Deep Learning approach on PyTorch to whether you can you judge a book by it's title and cover.
The common idiom states that one can't judge a book by it's cover. This project seeks to try and do so using Deep Learning Techniques on PyTorch. Hence, the problem statement is formulated as "Given an image or the title of a book, is it possible to classify the book into the correct genre?"
The learning goals in this project was:
- Implement an end-to-end framework for image classification from scratch using a custom dataset
- Try and learn how to implement the pre-trained BERT classifier, and learn implementation techniques in NLP.
For this project, I found the Uchida Book Dataset, which has data of about 57,000 books taken from Amazon. This dataset contains book cover images, title, author, and subcategories for each respective book. Each of the books are classified into 30 classes.

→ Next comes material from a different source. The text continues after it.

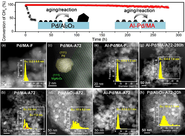 近日,我所催化与新材料研究室李为臻研究员、乔波涛研究员、张涛院士团队与北京大学马丁教授合作,在高稳定Pd基甲烷燃烧催化剂制备方面取得新进展,以镁铝尖晶石(MgAl2O4)为载体,通过添加非还原性氧化物(Al2O3, ZrO2, SiO2)抑制Pd的过度氧化,实现了Pd纳米粒子的高水热稳定性。

An important aspect of the dataset to be noted is that a book on Amazon can have multiple genres associated with this. However, when creating the dataset, the authors randomly chose one class out of the many classes that a book may be associated with. Hence, it would be prudent to also use Top 3 and Top 5 percent accuracy when comparing the results of the network because in reality a book may be in classes other than it's assigned classes.
This project is divided into two parts:
- Classification based on title using BERT
- Classification based on cover image using ResNet
For the second task, I used a subset of the dataset due to computational constraints. In specific, I used only books from 10 classes to make predictions. Since the CSV file with the title was considerably smaller in size, we use all 30 classes for the title prediction model.
For this portion of the project, I used a pre-trained networks and modified the output layer such that it outputs only 10 classes. I referred to this tutorial on the PyTorch website to load a custom dataset, and implement the project. The network was trained for 25 epochs with the Adam optimizer. A comparison of the results are shown below.
The results are shown in the table below:
Model | Top 1 Accuracy % | Top 3 Accuracy % | Top 5 Accuracy % |
---|---|---|---|
ResNet50 | 41.424 | 71.614 | 87.1875 |
ResNet101 | |||
VGG-19 | |||
DenseNet121 |
For this, we use the entire dataset, i.e. we classify amongst all the 30 classes in the dataset. I used this helpful tutorial for spam classification and accordingly modified it for the problem at hand. From the results below, we see that the BERT base model gains considerably good accuracy after training for 50 epochs with the AdamW optimizer.
Model | Top 1 Accuracy % | Top 3 Accuracy % | Top 5 Accuracy % |
---|---|---|---|
BERT | 44.982 | 68.193 | 78.491 |
Try and create a combined method that takes uses both the title and the cover image and then uses both information to make a combined prediction of the image.